- What the task asks -
Reproduce only this stretch of the listing below: from the line with "El seu vestuari" through the line with "陽当りの良いゆったりウッドデ", exactly as written, with pictures excluded.

- Given data -
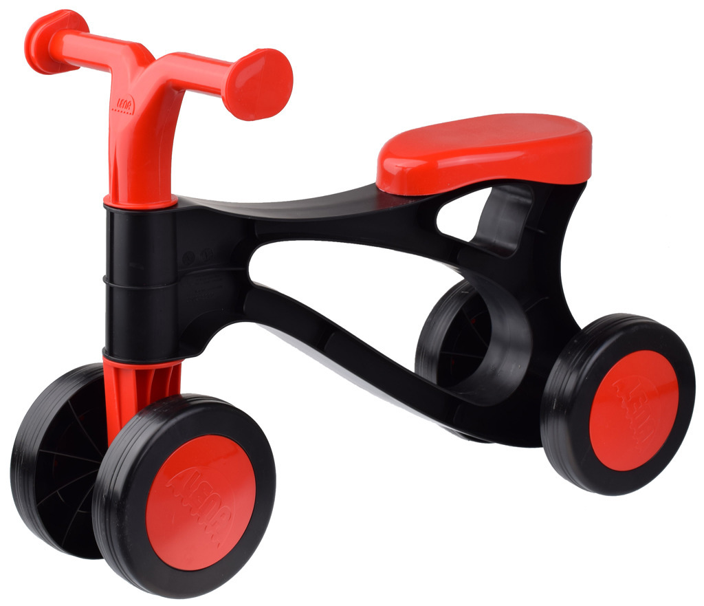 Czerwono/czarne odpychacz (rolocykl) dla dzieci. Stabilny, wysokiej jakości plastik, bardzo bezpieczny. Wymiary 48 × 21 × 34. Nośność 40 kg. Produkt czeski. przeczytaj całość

---

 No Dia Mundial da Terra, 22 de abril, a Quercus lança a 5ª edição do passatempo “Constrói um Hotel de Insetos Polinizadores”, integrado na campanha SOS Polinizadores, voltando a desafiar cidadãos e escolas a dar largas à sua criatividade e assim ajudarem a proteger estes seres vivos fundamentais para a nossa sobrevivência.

==

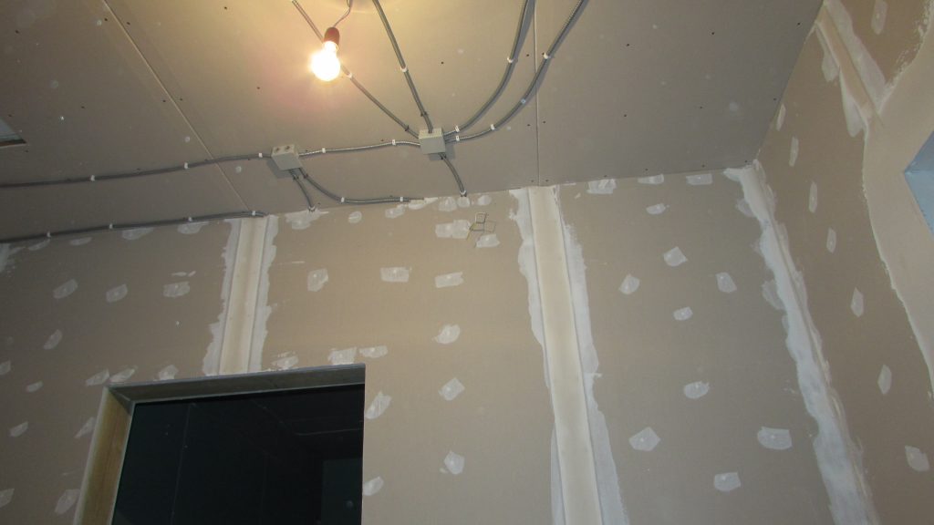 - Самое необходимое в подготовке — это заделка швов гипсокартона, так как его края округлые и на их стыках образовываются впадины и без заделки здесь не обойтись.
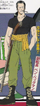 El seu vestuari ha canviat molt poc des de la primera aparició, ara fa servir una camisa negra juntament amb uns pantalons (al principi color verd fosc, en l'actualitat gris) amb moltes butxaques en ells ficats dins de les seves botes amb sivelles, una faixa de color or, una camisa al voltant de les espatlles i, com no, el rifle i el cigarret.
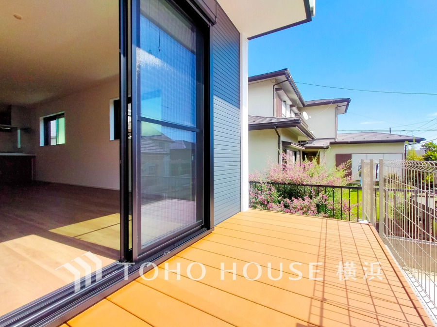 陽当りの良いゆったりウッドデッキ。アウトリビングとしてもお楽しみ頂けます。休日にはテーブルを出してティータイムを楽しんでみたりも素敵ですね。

- Expected answer -
 El seu vestuari ha canviat molt poc des de la primera aparició, ara fa servir una camisa negra juntament amb uns pantalons (al principi color verd fosc, en l'actualitat gris) amb moltes butxaques en ells ficats dins de les seves botes amb sivelles, una faixa de color or, una camisa al voltant de les espatlles i, com no, el rifle i el cigarret.
 陽当りの良いゆったりウッドデッキ。アウトリビングとしてもお楽しみ頂けます。休日にはテーブルを出してティータイムを楽しんでみたりも素敵ですね。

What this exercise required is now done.